Does your barcode system actually work — and if not, what specifically is it not giving you? Where do your suppliers label — at source or at your dock? Has your receiving process been mapped, or does it vary by shift supervisor?
These questions slow conversations down. I ask them because I have seen what happens when they are skipped. The project gets approved, the hardware goes in, and six months later someone is watching 70% read rates and wondering what went wrong.
Pre-sales is where I have done the most detailed technical work — site surveys, RF environment assessments, tag selection, read zone design, middleware architecture, ERP integration planning. A pre-sales engagement done properly is essentially a process audit with a technology recommendation at the end.
The RF environment is the most consistently underestimated factor. A tag that reads perfectly in a demo room behaves differently on a steel part on a conveyor with fifteen other reader zones nearby. The only way to know is to test in the actual environment.
I have done site surveys where the pilot changed the entire recommendation. Vendors who skip the pilot are optimising for speed of sale, not for whether the deployment will work.
My project involvement has been during implementations and post-go-live reviews. This has given me a clear picture of the most common failure modes.

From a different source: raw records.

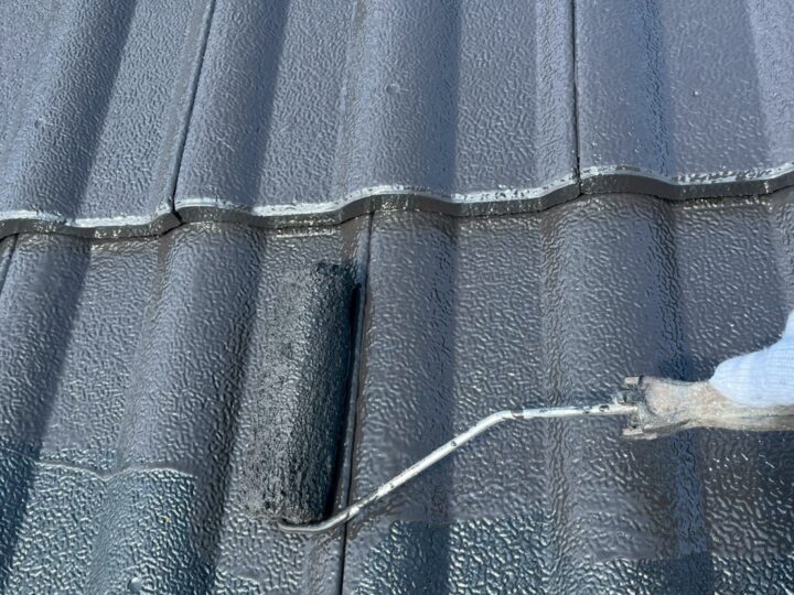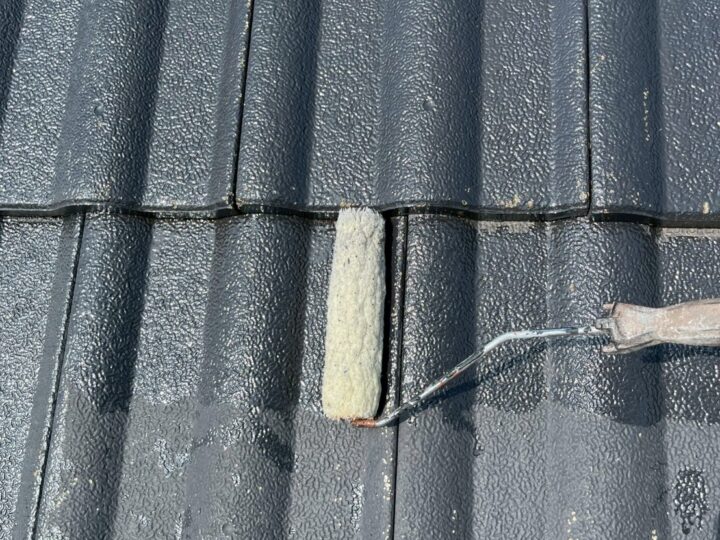 下塗りをすることで、後から塗る上塗り塗料が吸収されるのを抑えます。屋根塗装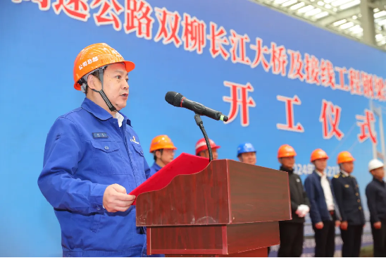 湖北交投雙柳長江大橋有限公司黨委書記、總經理、總監理工程師汪西華宣布開工
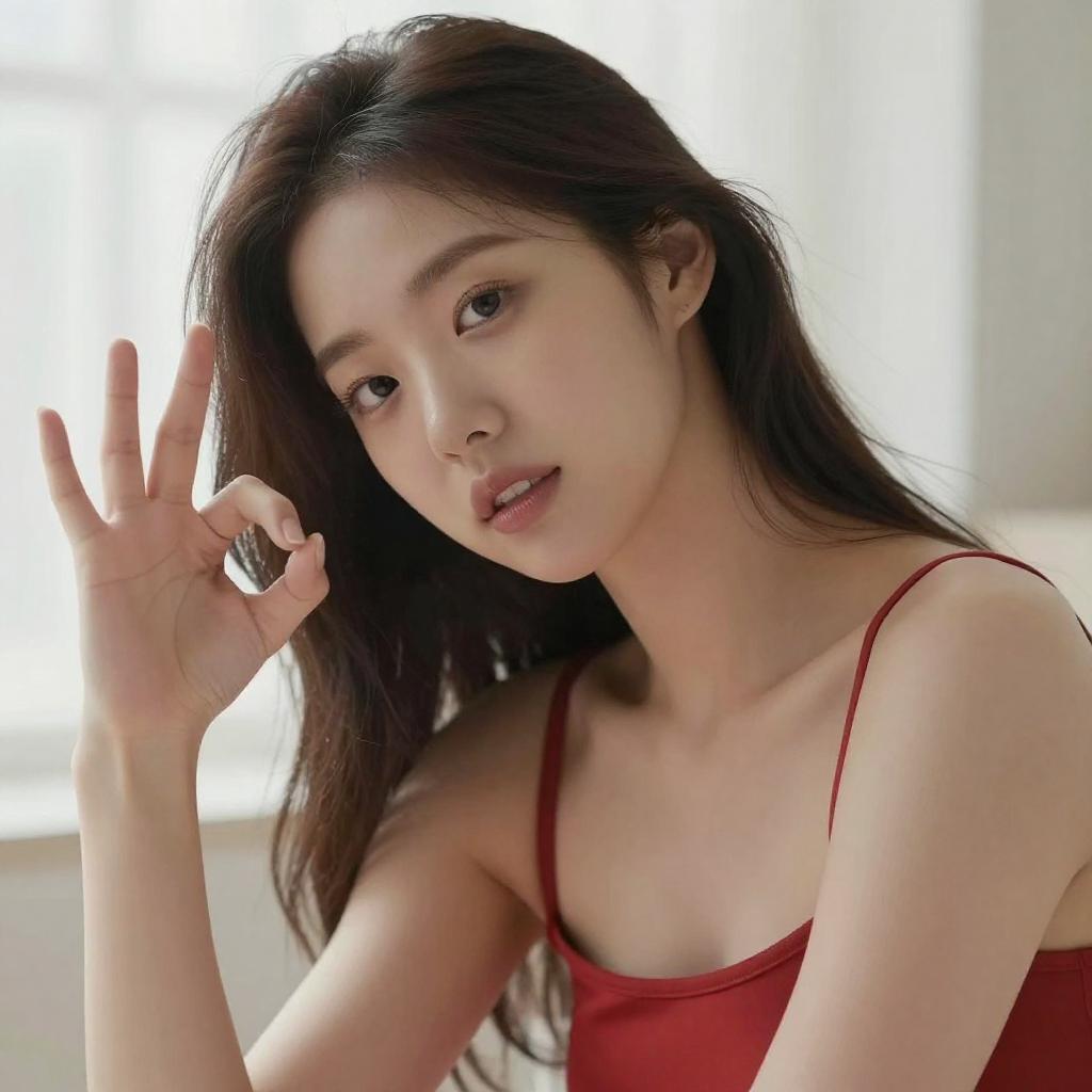 (PureErosFace_V1:1.0), good hand, 4k, high-res, masterpiece, best quality, head:1.3, ((Hasselblad photography)), (Korean K-pop idol), finely detailed skin, sharp focus, (cinematic lighting), collarbone, morning, soft lighting, dynamic angle, [:(detailed face:1.2):0.2], (PureErosFace_V1), armpit crease, thigh gap, red clothes, slender, medium breasts, cleavage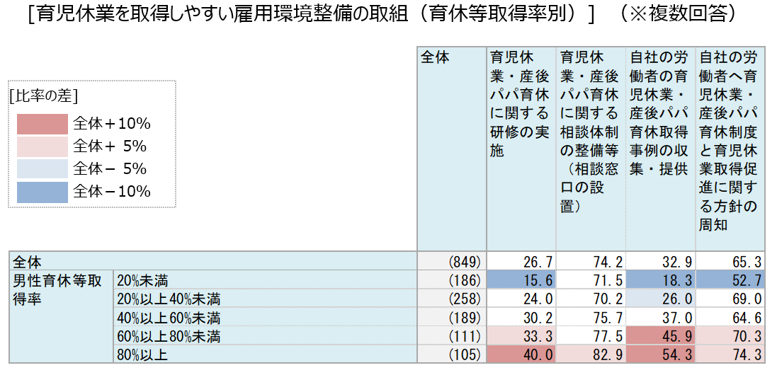 育児・介護休業法では「育児休業を取得しやすい職場の環境整備」を企業に義務づけており、その取組状況を育休等取得率別に見ると、男性の育休等取得率の高い(80%以上)企業群では、取得率が低い(20%未満)企業群と比べて、「自社の労働者の育児休業・産後パパ育休取得事例の収集・提供(+36.0%)」や「育児休業・産後パパ育休に関する研修の実施(+24.4%)」の取組割合が高い傾向が見られました。これらの取組が、男性育休等取得率向上に寄与している可能性も考えられます。

The most frequent one is not technical. The person who approved the project does not manage the floor. The supervisor who needs to retrain their team was not consulted during planning. The IT team arrived in the final week.
These are process and change management failures — and they account for the majority of underperformance I have seen in Indian RFID deployments.
A mid-sized organised apparel retailer in India — around forty stores — deployed RFID for inventory management. The business case was clear: inventory accuracy running at 72%, nearly three in ten items the system showed as available were not on the floor, mislocated, or under the wrong SKU.
When we audited the deployment, we found three things. First, source labelling had reached only 55% of vendors. The rest were shipping untagged cartons being hand-labelled at the dock with encoding errors. Second, staff were using RFID readers the same way they used barcode scanners — one item at a time, standing still, instead of walking the zone.
None of those were technology problems. When we extended source labelling, rewrote the cycle count procedure for RFID, and enforced WMS location discipline — accuracy moved to 96% within one quarter.